D’après les autorités américaines, Joseph Kabila figure désormais sur la liste des personnalités sanctionnées. Cette mesure implique notamment le gel de ses avoirs potentiels aux États-Unis ainsi que des restrictions sur les transactions financières avec des entités américaines.

L’OFAC accuse l’ancien chef d’État, qui a dirigé la République démocratique du Congo de 2001 à 2019, d’avoir contribué à déstabiliser le gouvernement actuel en soutenant non seulement le M23, mais aussi l’Alliance Fleuve Congo (AFC), présentée comme son bras politique.

Des accusations liées à la crise sécuritaire dans l’Est

Selon le communiqué, le Mouvement du 23 mars est décrit comme un groupe armé soutenu par le Rwanda et actif dans l’est de la RDC, une région en proie à des conflits persistants.

L’OFAC affirme que le M23 et l’AFC ont contribué à une aggravation de l’instabilité politique et des violences armées, entraînant des pertes humaines importantes et des déplacements massifs de populations civiles.

Les autorités américaines vont plus loin en indiquant que Joseph Kabila aurait vécu sous la protection du M23 à Goma, un bastion stratégique du groupe rebelle dans l’est du pays, au cours de l’année écoulée.
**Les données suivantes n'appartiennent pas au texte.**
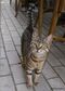 わたしもカフェの椅子に座ると、さっきの猫がシッポをあげて近づいてきました。話しかけたのが日本語だったせいか、キョトンとしていました。
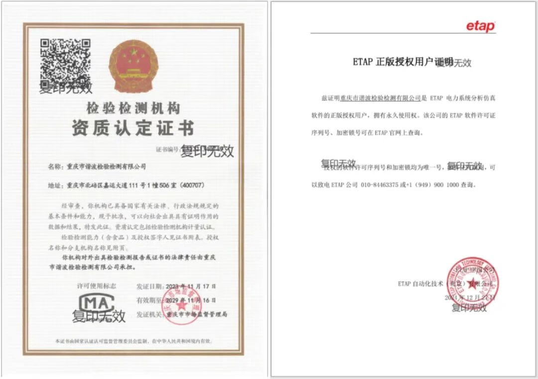 作为具备过硬资质的检测机构,公司已通过重庆市市场监督管理局计量认证(CMA资质),拿到带有法律效力的检测报告授权,报告可直接用于产品质量评价、成果及司法鉴定。同时,公司还通过ISO 9001:2015质量管理体系认证,并获得正版ETAP电力仿真授权,双重认证加持,让检测结果更具公信力。
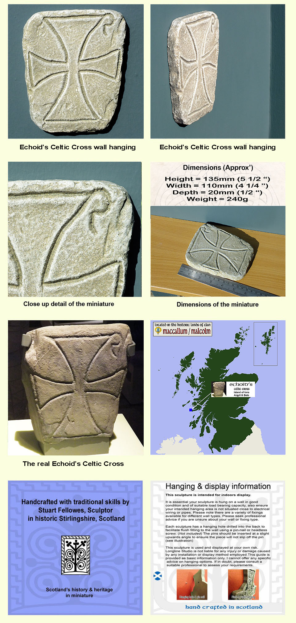 This is a scale artists reconstruction by Stuart Fellowes depicting the 7th century “Lapis Echodi” or Echoid’s stone, Cross and shows how this stone cross would have looked when originally carved. The cross features a Latin style cross with an early Greek Chi-Rho symbol meaning Christ. Today the cross is on display at Iona Abbey
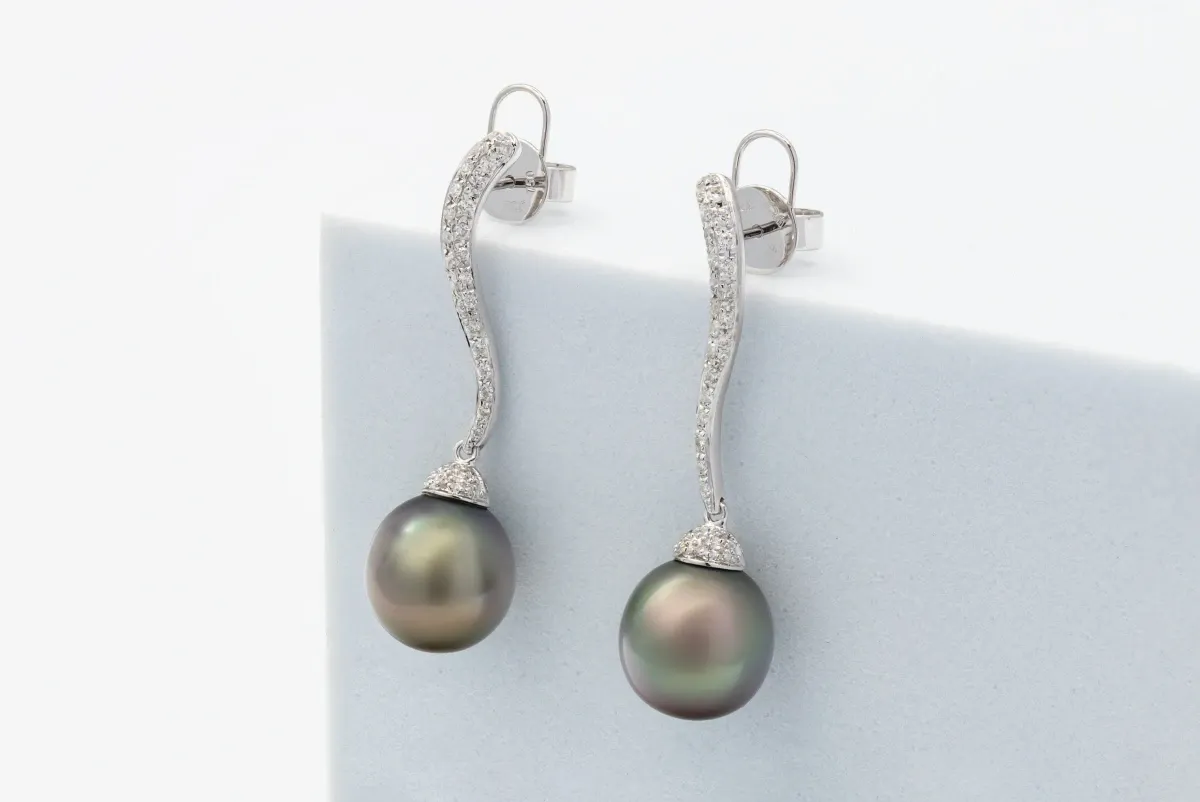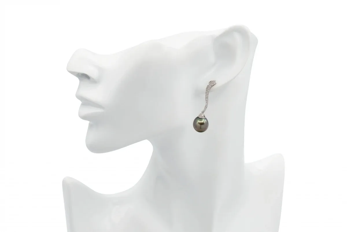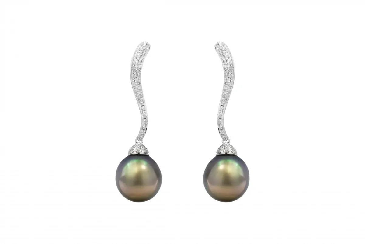 A luxurious statement of elegance, these 18ct white gold drop earrings feature luminous Tahitian pearls gracefully suspended beneath a dazzling cascade of F colour, VS clarity diamonds.
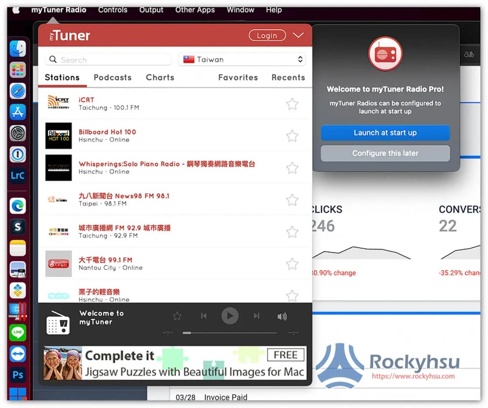 首次打開會問你要不要開機就自動啟用這款 App,預設廣播電台位置為台灣,因此 Station 列出的都是台灣電台,我快速瀏覽一下應賅有超過 30 台,幾乎全台電台都有:
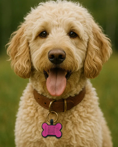 Hondenpenning botvorm siliconen Glow Roze – QR-code dier-ID met online profiel
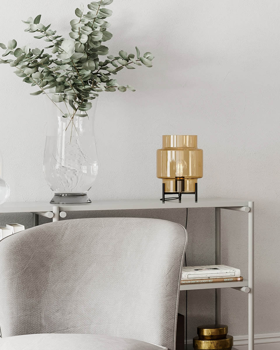 Ebbot är vår fantastiska egendesignade bordslampa som finns i två färger; amber och rökgrå. Båda färgerna har en mattsvart fot och behöver en ljuskälla med sockel E27, förslagsvis i färgen amber för vackrast sken. Ebbot är en modern lampa som ger hemmet minst lika mycket stil och interiör som den ger belysning. Bordslampan finns i två storlekar varpå detta är den mindre modellen som har en höjd på 29 centimeter och en diameter på 20 centimeter. TIPS! Matcha en stor och en liten Ebbot och ställ dem tillsammans för extra wow-känsla!
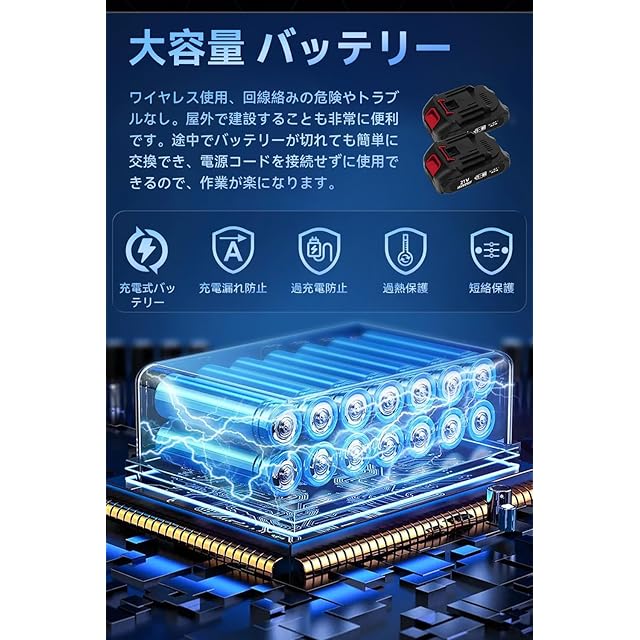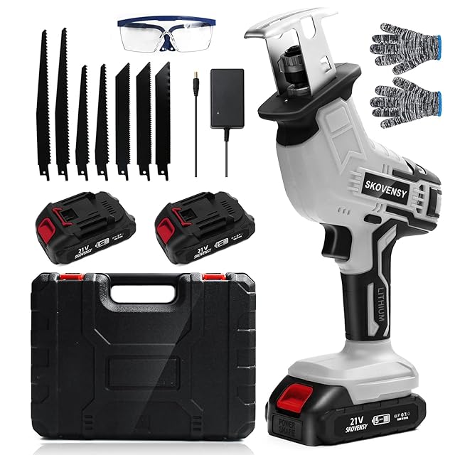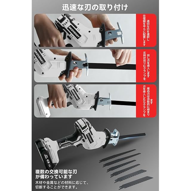 【豊富なアクセサリー】付属品:本製品には、コードレス往復鋸本体、バッテリー2個、急速充電器1個、保護ゴーグル1個、手袋1双、収納ケース1個、日本語の取扱説明書1冊が含まれています。7種類の異なるサイズの鋸刃が装備されており、作業環境に応じて柔軟に交換でき、多用途に使用できる効果があります。
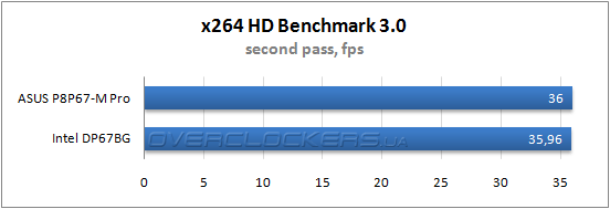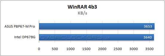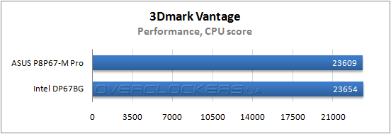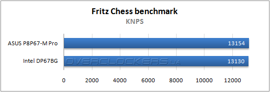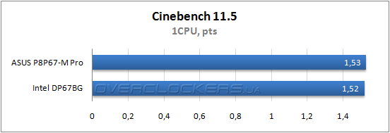 Испытание приложением Cinebench в режимах 1 CPU и xCPU не позволяет выделить одну из плат, и если для Intel DP67BG ничья является почетной, то для ASUS P8P67-M Pro как-то не солидно находиться на уровне референса.
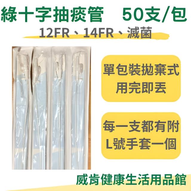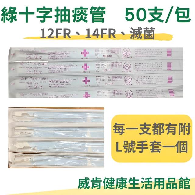 綠十字滅菌抽痰管 抽痰包 醫療級滅菌 50支 12FR 14FR醫院規格抽痰用 滅菌抽痰管 附手套 抽痰
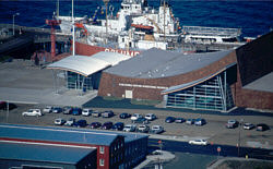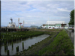 Outside museum looking NW toward Astoria Bridge, adjacent right side/north is Columbia River Lightship
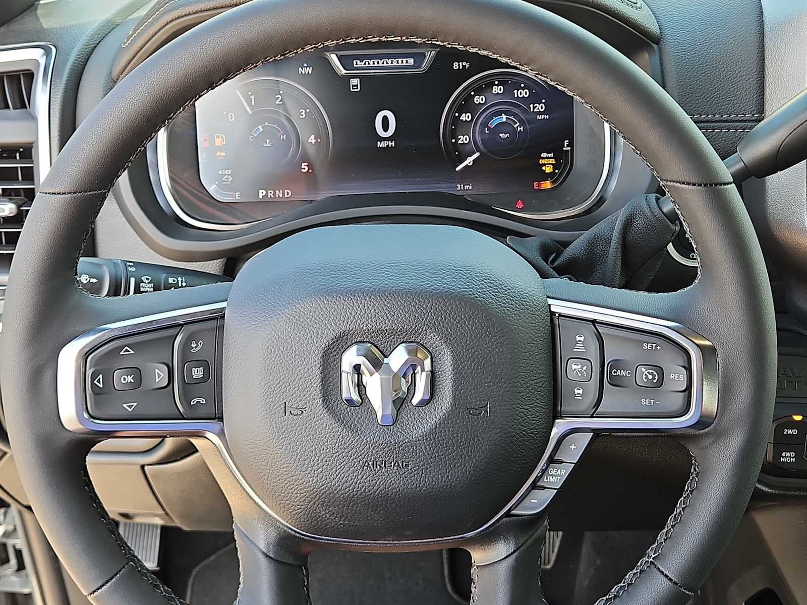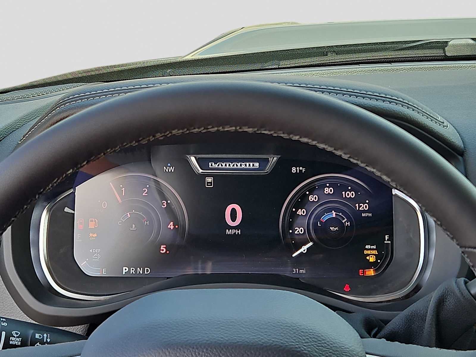 ENGINE: 6.7L I6 CUMMINS HO TURBO DIESEL Selective Catalytic Reduction (Urea), Dual 730 Amp Maintenance Free Batteries, Cummins Turbo Diesel Badge, Heavy Duty Engine Cooling, Diesel Exhaust Brake, Supplemental Heater, 3.42 Axle Ratio, Front Bumper Sight Shields, Capless Fuel Fill w/o Discriminator, GVWR: 11,040 lbs, NIGHT EDITION Tires: LT285/60R20E OWL On/Off Road, Black Exterior Truck Badging, Wheels: 20 x 8.0 Black Painted Aluminum, Gloss Black Grille Billets/Accents, Body Color Grille-Surround, Sport Performance Hood, Black Exterior Mirrors, LARAMIE LEVEL 1 PLUS EQUIPMENT GROUP CTR Stop Lamp w/Cargo View Camera, Rain Sensitive Windshield Wipers, Power Adjustable Pedals w/Memory, LED Bed Lighting, Traffic Sign Recognition, Adaptive Steering System, Auto Dim Exterior Mirror, Anti-Spin Differential Rear Axle, Drowsy Driver Detection, MOPAR Deployable Bed Step, Foam Bottle Insert (Door Trim Panel), Active Lane Management System, Power Heated Fold Telescopic Mirrors w/Memory, MOPAR Spray In Bedliner, Remote Tailgate Release, Auto High Beam Headlamp Control, Exterior Mirrors w/Memory, 2nd Row In Floor Storage Bins, Auto Dim Exterior Passenger Mirror, Auto Adjust In Reverse Exterior Mirrors, TRANSMISSION: 8-SPEED TORQUEFLITE HD AUTOMATIC, BLACK, LEATHER TRIMMED BUCKET SEATS Bucket Seats, Dual Wireless Charging Pad, Ventilated Front Seats, Radio/Driver Seat/Mirrors/Pedals Memory, Full Length Upgraded Floor Console. Ram Laramie with Ceramic Gray Clearcoat exterior and Black interior features a Straight 6 Cylinder Engine with 430 HP at 2800 RPM*.
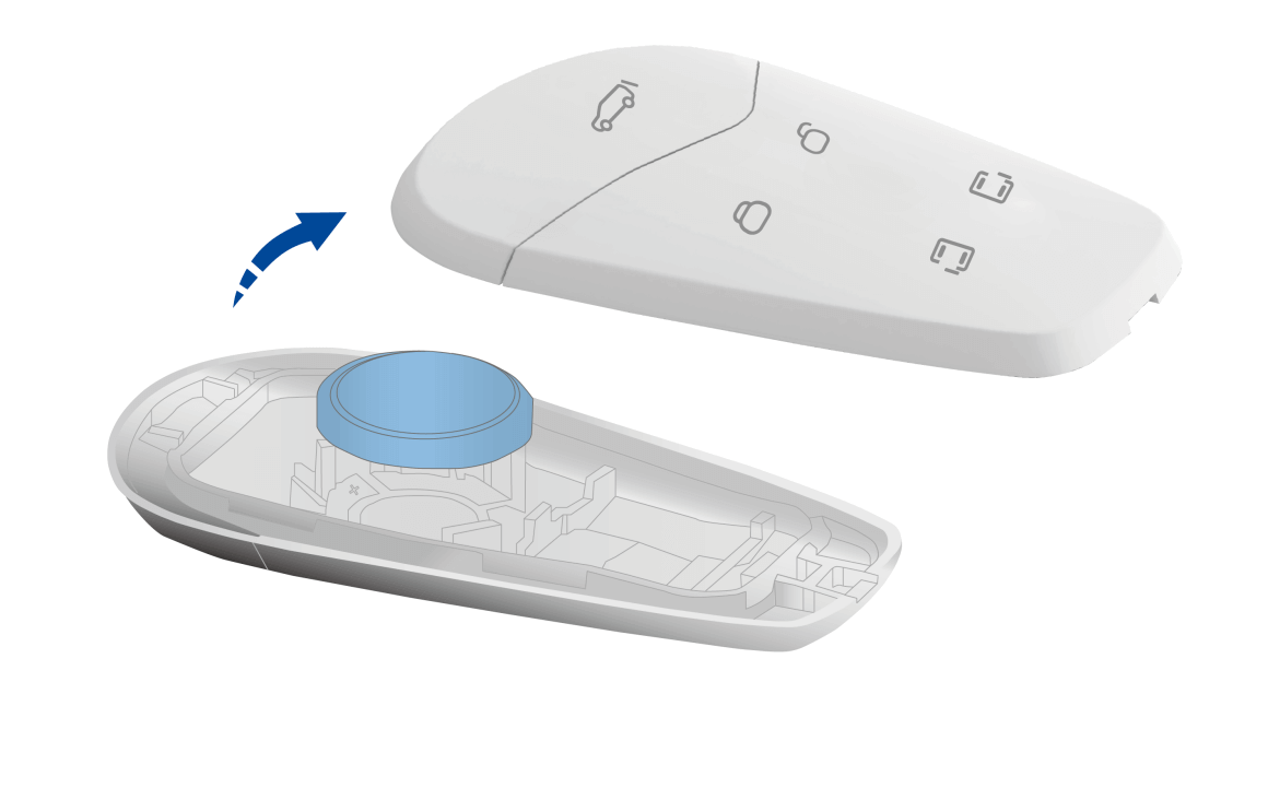 - 请务必使用同型号的新电池进行更换,使用不同型号的电池可能会损坏智能钥匙。
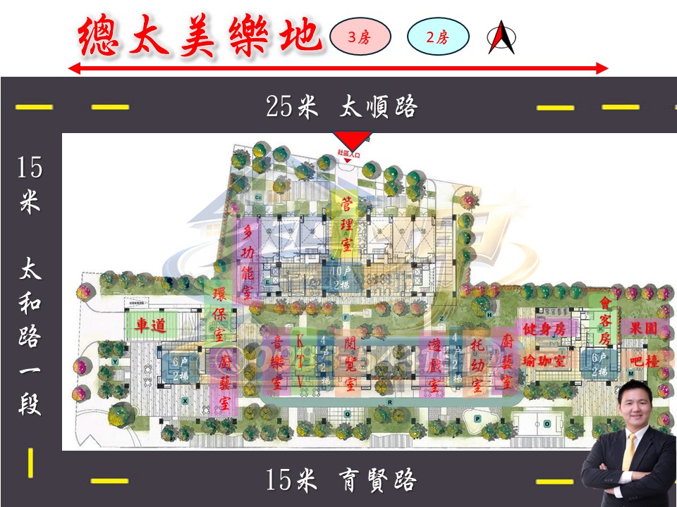 路 口:20m 太順路 vs 15m 太和路一段 vs 15m 育賢路(三面臨路)
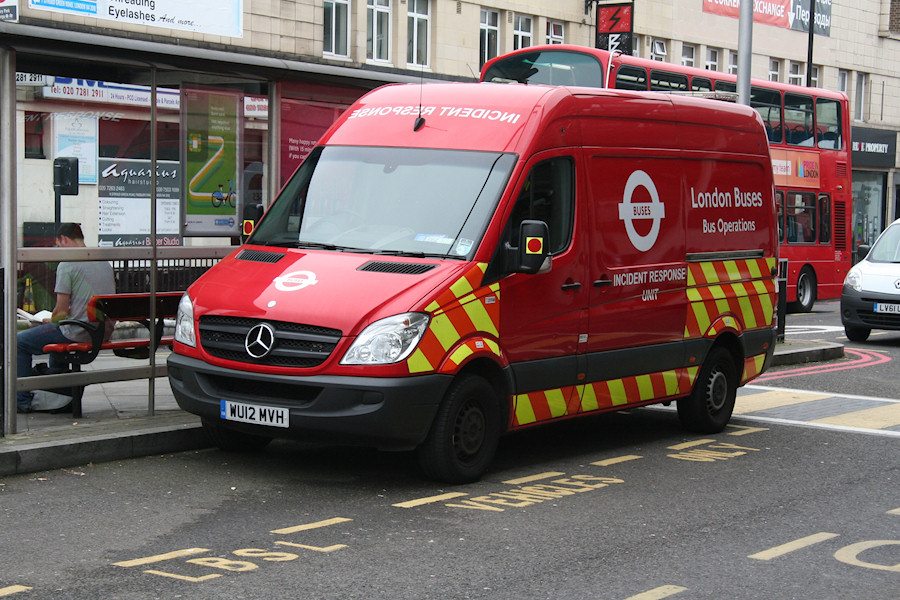 Details: 7289M is by far the most elusive of the current fleet of LBSL Incident Response Units. New in May 2012, it was initially sent to Eltham Bus Station but then virtually disappeared. Just three reports of it were received over the next two years, at a variety of locations. This suggests to me that it is used as a maintenance cover spare. On 12th July 2014 it was photographed at Finsbury Park Bus Station. Parked behind is Renault Kangoo van LV61UCM. Although registered in the same batch as some service vehicles (notably Renault Modus car 7263R LV61UCP), the van is believed to be operated by ISS Facility Services. |
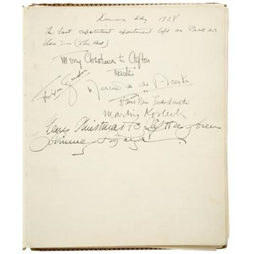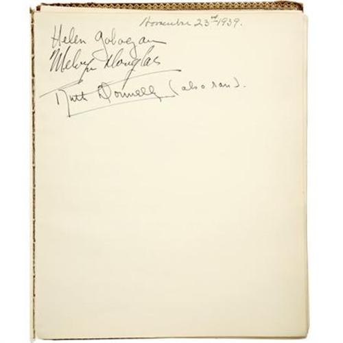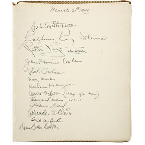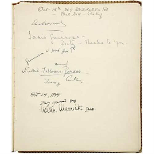 <B>Clifton Webb Guest Book - "The Webbs" - Vintage Star Signatures.</B></I> This handsome 8.5" x 10.5" brown and gold guest book ranges the years 1937 to 1947. Among the rich and/or famous who visited Clifton Webb and his mother and signed this book were Helen Hayes, Charles MacArthur, Melvyn Douglas, Helen Gahagan, George Cukor, Ruth Gordon, Alfred Lunt, Lynn Fontanne, Martin Kosleck, Beatrice Lillie, Mercedes de Acosta, Ina Claire, Gladys Swarthout, Irene Selznick, Gladys Cooper, and fan dancer Sally Rand. In Very Fine condition with some border wear and a few loose pages; the pages themselves are clean and neat. <I>Accompanied by LOA from PSA/DNA.</B></I><BR><BR><b>Shipping:</b> Books & Catalogs (<a target="_blank" href="http://www.heritageauctions.com/common/shipping.php">view shipping information</a>)
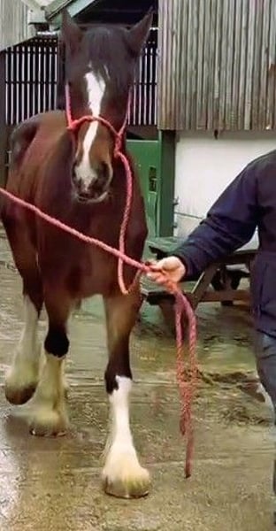 This attractive four year old mare is in foal for this time. A nice looking well marked mare with four white legs. In lovely condition. Fully registered with The Shire Horse Society UK sheila@shiresandclydesdales.com

Une décision aux implications politiques majeures

Ces sanctions interviennent dans un contexte de tensions persistantes dans l’est de la République démocratique du Congo, où les affrontements entre groupes armés et forces gouvernementales continuent d’alimenter une crise humanitaire majeure.

Elles pourraient également avoir un impact significatif sur la scène politique congolaise, alors que le rôle et l’influence de l’ancien président restent des sujets sensibles.